Synthetic Trust Attacks: Modeling How Generative AI Manipulates Human Decisions in Social Engineering Fraud

arXiv cs.AI / 4/8/2026

💬 OpinionSignals & Early TrendsIdeas & Deep AnalysisModels & Research

Key Points

  • The paper argues that the key threat from generative AI-driven scams is not synthetic-media detection but manipulating the victim’s decision-making through “synthetic trust.”
  • It introduces Synthetic Trust Attacks (STAs) as a formal threat category and proposes STAM, an eight-stage operational model covering the attacker’s full chain from reconnaissance to post-compliance leverage.
  • Using reported performance gaps (e.g., human deepfake detection around ~55.5% and higher compliance rates for LLM scam agents), the authors contend that the perception layer is already failing in many real-world scenarios.
  • The research provides a Trust-Cue Taxonomy, a reproducible incident coding schema, and four falsifiable hypotheses connecting attack structure to compliance outcomes.
  • As a decision-layer defense, it operationalizes the Calm, Check, Confirm protocol and reframes defenses toward improving human/organizational decision processes rather than only detecting fakes.

Abstract

Imagine receiving a video call from your CFO, surrounded by colleagues, asking you to urgently authorise a confidential transfer.

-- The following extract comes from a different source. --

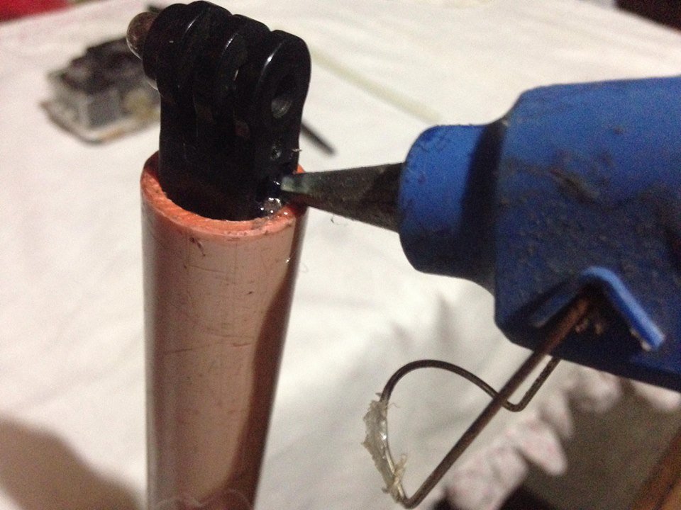 Get your glue gun and let it heat up then gather your already cut PVC pipe, extra stick glue and Mount extender. When your glue is already melting, pour a good amount of melted glue inside the bottom of the pipe. Refer (image 2.1)

You comply. Every person on that call was fake, and you just lost $25 million. This is not a hypothetical. It happened in Hong Kong in January 2024, and it is becoming the template for a new generation of fraud. AI has not invented a new crime. It has industrialised an ancient one: the manufacture of trust. This paper proposes Synthetic Trust Attacks (STAs) as a formal threat category and introduces STAM, the Synthetic Trust Attack Model, an eight-stage operational framework covering the full attack chain from adversary reconnaissance through post-compliance leverage. The core argument is this: existing defenses target synthetic media detection, but the real attack surface is the victim's decision. When human deepfake detection accuracy sits at approximately 55.5%, barely above chance, and LLM scam agents achieve 46% compliance versus 18% for human operators while evading safety filters entirely, the perception layer has already failed. Defense must move to the decision layer. We present a five-category Trust-Cue Taxonomy, a reproducible 17-field Incident Coding Schema with a pilot-coded example, and four falsifiable hypotheses linking attack structure to compliance outcomes. The paper further operationalizes the author's practitioner-developed Calm, Check, Confirm protocol as a research-grade decision-layer defense. Synthetic credibility, not synthetic media, is the true attack surface of the AI fraud era.